● **WHAT IS EXPECTED**: Find the line with "הת' היהודי 'שקוואלה" in the records below. Copy it and every line after it, up to and including the line with "Transporte de un herido".

● **DATA RECORDS**:
━━━━━━━━━━━━━━━━━━━━

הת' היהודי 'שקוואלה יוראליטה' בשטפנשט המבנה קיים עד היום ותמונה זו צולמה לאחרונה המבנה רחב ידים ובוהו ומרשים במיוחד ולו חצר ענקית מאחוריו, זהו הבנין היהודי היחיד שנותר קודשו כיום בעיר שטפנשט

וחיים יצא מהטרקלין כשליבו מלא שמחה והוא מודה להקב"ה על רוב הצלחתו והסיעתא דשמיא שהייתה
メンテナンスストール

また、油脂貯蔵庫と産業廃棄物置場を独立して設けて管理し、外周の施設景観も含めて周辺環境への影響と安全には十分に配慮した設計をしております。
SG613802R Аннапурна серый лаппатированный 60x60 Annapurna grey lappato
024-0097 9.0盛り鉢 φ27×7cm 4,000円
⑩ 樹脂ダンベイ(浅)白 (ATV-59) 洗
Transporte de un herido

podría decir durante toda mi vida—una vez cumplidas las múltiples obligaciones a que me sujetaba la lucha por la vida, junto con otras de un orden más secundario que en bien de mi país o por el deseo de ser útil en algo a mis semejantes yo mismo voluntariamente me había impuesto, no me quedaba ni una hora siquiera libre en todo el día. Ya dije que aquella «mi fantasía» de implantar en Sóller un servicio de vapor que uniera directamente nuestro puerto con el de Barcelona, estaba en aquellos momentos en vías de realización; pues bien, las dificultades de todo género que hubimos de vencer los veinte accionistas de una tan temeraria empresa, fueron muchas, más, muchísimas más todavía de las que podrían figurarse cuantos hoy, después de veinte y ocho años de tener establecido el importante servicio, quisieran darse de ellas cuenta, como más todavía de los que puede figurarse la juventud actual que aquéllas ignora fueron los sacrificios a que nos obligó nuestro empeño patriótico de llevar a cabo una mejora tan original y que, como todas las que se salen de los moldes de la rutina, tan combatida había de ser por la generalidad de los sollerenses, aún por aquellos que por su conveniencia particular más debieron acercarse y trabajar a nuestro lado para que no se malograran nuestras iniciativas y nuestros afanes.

━━━━━━━━━━━━━━━━━━━━

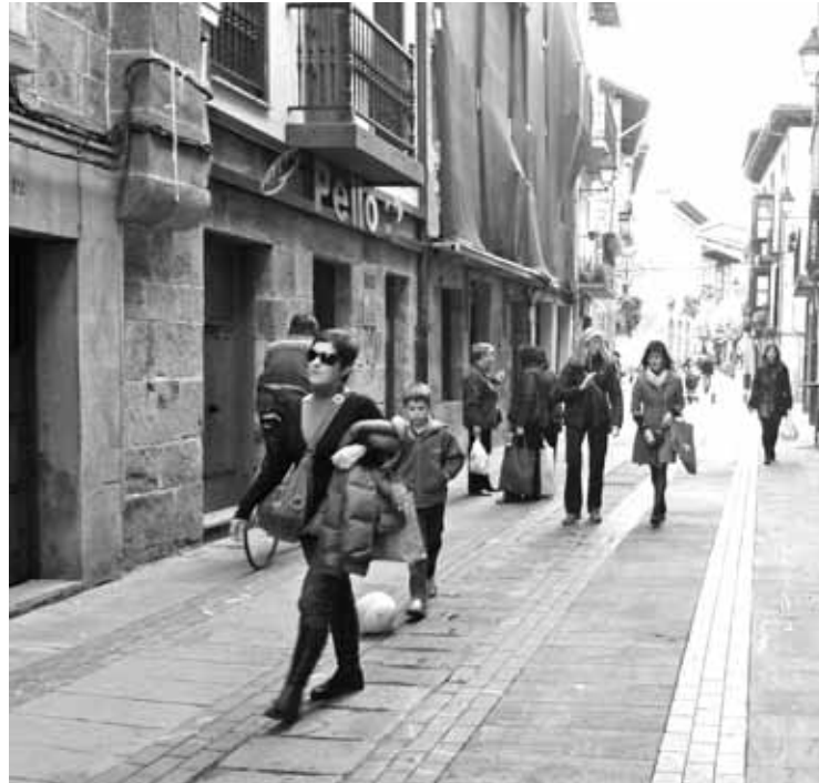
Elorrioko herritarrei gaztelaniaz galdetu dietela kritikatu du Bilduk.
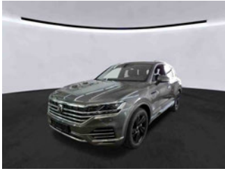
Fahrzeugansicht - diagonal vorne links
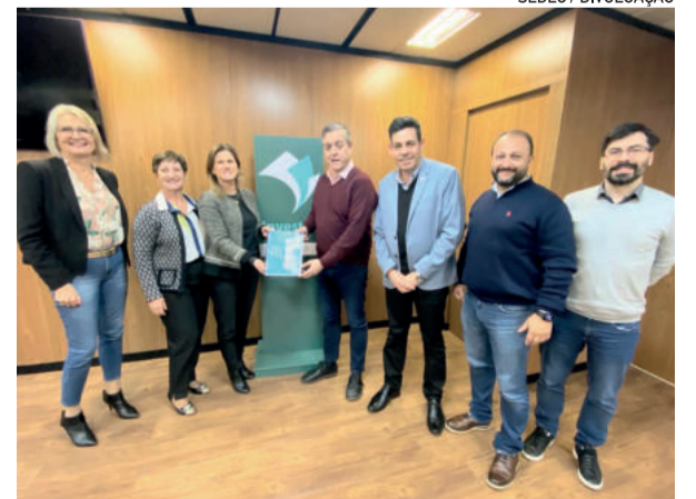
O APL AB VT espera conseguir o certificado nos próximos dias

━━━━━━━━━━━━━━━━━━━━

● **EXERCISE OUTPUT**:
הת' היהודי 'שקוואלה יוראליטה' בשטפנשט המבנה קיים עד היום ותמונה זו צולמה לאחרונה המבנה רחב ידים ובוהו ומרשים במיוחד ולו חצר ענקית מאחוריו, זהו הבנין היהודי היחיד שנותר קודשו כיום בעיר שטפנשט

וחיים יצא מהטרקלין כשליבו מלא שמחה והוא מודה להקב"ה על רוב הצלחתו והסיעתא דשמיא שהייתה
メンテナンスストール

また、油脂貯蔵庫と産業廃棄物置場を独立して設けて管理し、外周の施設景観も含めて周辺環境への影響と安全には十分に配慮した設計をしております。
SG613802R Аннапурна серый лаппатированный 60x60 Annapurna grey lappato
024-0097 9.0盛り鉢 φ27×7cm 4,000円
⑩ 樹脂ダンベイ(浅)白 (ATV-59) 洗
Transporte de un herido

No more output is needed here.